GPy.kern._src.independent_outputs.index_to_slices(index)[source]

take a numpy array of integers (index) and return a nested list of slices such that the slices describe the start, stop points for each integer in the index.

e.g. >>> index = np.asarray([0,0,0,1,1,1,2,2,2]) returns >>> [[slice(0,3,None)],[slice(3,6,None)],[slice(6,9,None)]]

or, a more complicated example >>> index = np.asarray([0,0,1,1,0,2,2,2,1,1]) returns >>> [[slice(0,2,None),slice(4,5,None)],[slice(2,4,None),slice(8,10,None)],[slice(5,8,None)]]

GPy.kern._src.kern module

class GPy.kern._src.kern.CombinationKernel(kernels, name, extra_dims=[])[source]
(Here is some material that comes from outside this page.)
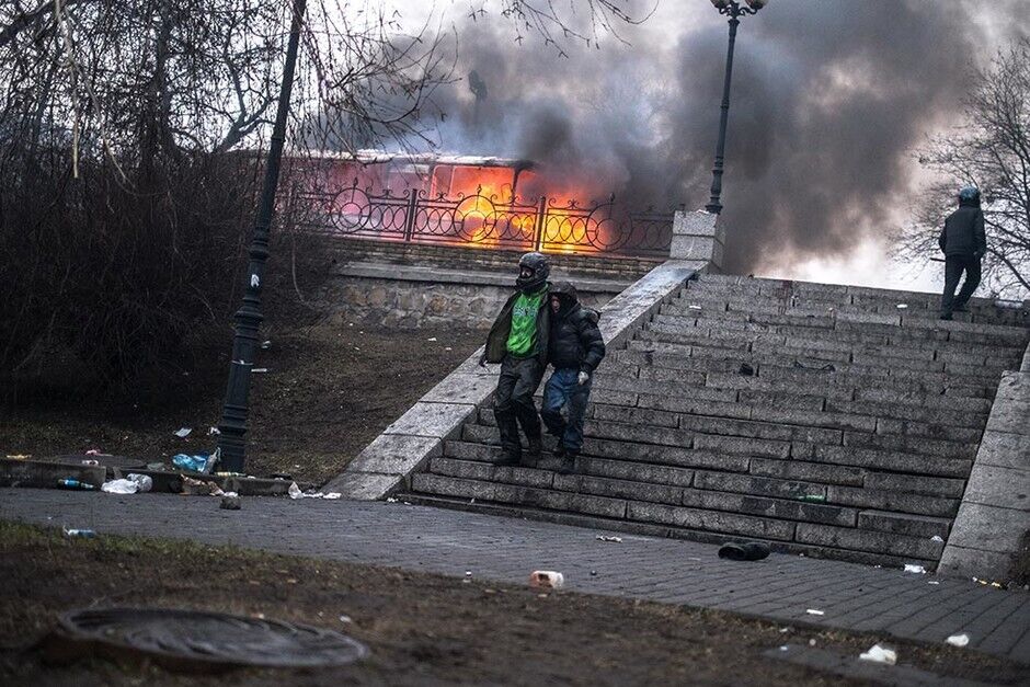 Известный фотограф такими словами описал то, что засвидетельствовала его камера: "От спокойствия в Киеве не осталось и следа. Обстановка – как в городе, где идет война. Люди движутся сотнями. Они оказываются на открытой местности, без защиты. Падают первые раненые... Выстрелы становятся жестокими, прицельными. С вершины лестницы открывается величественное и жуткое зрелище. Человеческое море движется, и это – движение истории. Народ ведет битву за свободу. На моих глазах разворачивается революция..."

Bases: GPy.kern._src.kern.Kern

Abstract super class for combination kernels. A combination kernel combines (a list of) kernels and works on those. Examples are the HierarchicalKernel or Add and Prod kernels.
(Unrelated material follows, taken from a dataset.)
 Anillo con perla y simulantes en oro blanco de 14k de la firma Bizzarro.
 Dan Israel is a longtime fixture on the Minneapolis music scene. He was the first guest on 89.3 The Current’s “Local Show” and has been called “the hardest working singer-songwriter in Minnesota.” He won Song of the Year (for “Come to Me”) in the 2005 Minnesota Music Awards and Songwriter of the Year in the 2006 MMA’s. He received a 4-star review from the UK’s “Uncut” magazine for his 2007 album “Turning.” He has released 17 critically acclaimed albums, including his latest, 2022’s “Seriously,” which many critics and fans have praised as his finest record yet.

get_input_dim_active_dims(kernels, extra_dims=None)[source]
input_sensitivity(summarize=True)[source]

If summize is true, we want to get the summerized view of the sensitivities, otherwise put everything into an array with shape (#kernels, input_dim) in the order of appearance of the kernels in the parameterized object.

parts
class GPy.kern._src.kern.Kern(input_dim, active_dims, name, useGPU=False, *a, **kw)[source]

Bases: GPy.core.parameterization.parameterized.Parameterized

K(X, X2=None, *a, **kw)[source]

Compute the kernel function.

Parameters:
  • X – the first set of inputs to the kernel
  • X2 – (optional) the second set of arguments to the kernel. If X2 is None, this is passed throgh to the ‘part’ object, which handLes this as X2 == X.
Kdiag(X, *a, **kw)[source]
add(other, name='add')[source]

Add another kernel to this one.

Parameters:other (GPy.kern) – the other kernel to be added
gradients_X(dL_dK, X, X2=None)[source]
gradients_X_diag(dL_dKdiag, X)[source]
gradients_Z_expectations(dL_dpsi0, dL_dpsi1, dL_dpsi2, Z, variational_posterior)[source]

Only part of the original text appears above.